(DATA Opens)

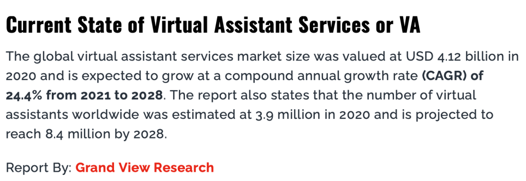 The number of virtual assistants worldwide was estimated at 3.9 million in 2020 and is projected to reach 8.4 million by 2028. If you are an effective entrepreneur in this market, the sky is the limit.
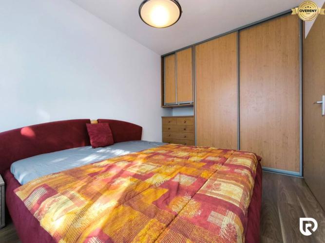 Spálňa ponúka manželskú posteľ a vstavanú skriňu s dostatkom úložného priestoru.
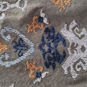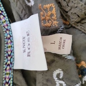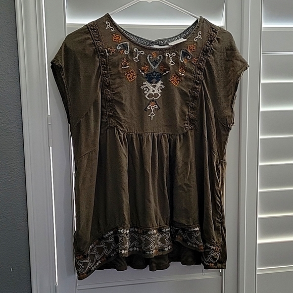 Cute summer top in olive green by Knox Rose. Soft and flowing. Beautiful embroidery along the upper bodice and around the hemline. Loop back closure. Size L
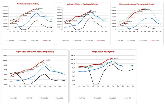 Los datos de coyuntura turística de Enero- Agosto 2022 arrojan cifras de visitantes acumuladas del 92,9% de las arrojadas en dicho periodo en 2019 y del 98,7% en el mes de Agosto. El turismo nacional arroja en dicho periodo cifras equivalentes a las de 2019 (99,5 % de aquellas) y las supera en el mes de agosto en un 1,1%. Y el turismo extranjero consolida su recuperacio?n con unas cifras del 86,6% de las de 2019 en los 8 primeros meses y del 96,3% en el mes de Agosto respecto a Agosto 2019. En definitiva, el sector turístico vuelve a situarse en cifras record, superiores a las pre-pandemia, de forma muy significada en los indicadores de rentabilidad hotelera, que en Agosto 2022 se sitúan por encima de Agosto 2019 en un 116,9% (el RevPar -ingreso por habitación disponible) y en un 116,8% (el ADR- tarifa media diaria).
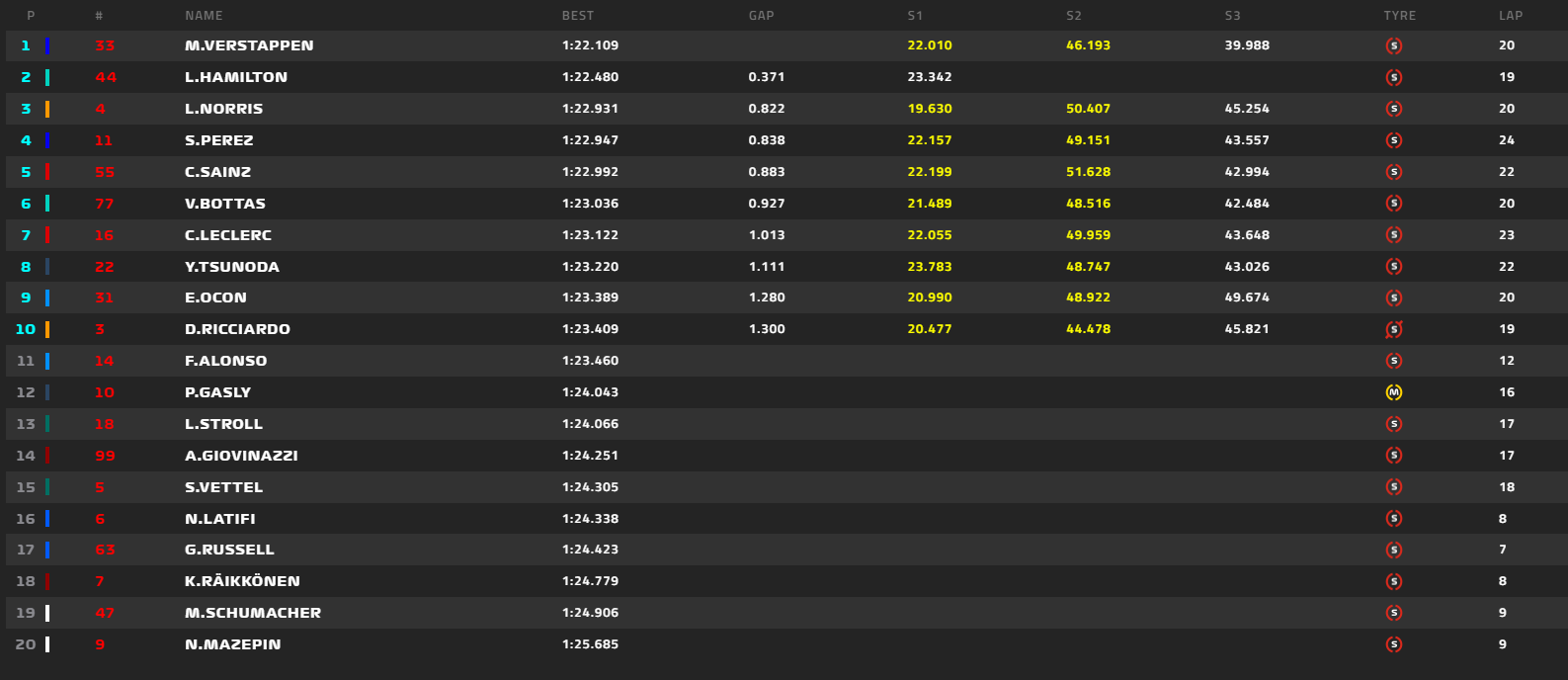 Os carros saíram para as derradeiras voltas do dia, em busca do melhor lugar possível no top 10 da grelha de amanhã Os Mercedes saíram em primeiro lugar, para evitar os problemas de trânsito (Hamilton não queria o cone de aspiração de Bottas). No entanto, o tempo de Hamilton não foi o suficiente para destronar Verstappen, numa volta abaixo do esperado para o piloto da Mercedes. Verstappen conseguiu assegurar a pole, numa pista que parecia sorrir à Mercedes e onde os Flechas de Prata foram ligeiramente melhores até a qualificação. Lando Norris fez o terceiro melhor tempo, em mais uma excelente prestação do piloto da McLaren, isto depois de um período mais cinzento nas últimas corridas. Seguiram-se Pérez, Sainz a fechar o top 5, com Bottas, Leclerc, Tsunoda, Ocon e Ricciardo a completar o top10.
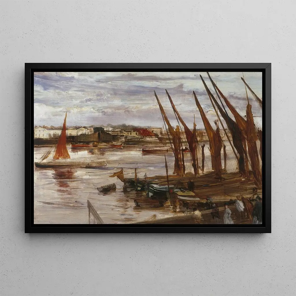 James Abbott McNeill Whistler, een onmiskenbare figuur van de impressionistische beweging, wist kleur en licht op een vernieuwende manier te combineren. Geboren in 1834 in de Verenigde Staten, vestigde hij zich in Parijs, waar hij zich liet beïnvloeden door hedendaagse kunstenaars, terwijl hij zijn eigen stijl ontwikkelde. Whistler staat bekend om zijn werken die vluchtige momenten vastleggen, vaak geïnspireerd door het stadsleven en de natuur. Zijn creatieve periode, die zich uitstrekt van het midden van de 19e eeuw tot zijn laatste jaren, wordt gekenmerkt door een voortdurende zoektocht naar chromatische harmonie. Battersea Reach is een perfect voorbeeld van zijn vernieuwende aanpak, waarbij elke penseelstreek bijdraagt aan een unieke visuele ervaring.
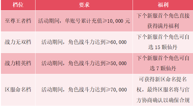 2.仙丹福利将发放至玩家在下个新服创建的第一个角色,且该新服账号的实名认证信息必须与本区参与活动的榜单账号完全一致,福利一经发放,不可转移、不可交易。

(DATA Closes)

_EXERCISE AIM_
Exactly the lines from the top of the entries through the line with "Spálňa ponúka manželskú", inclusive, must be given again, with every picture omitted.

_SOLUTION TO THIS TASK_
 The number of virtual assistants worldwide was estimated at 3.9 million in 2020 and is projected to reach 8.4 million by 2028. If you are an effective entrepreneur in this market, the sky is the limit.
 Spálňa ponúka manželskú posteľ a vstavanú skriňu s dostatkom úložného priestoru.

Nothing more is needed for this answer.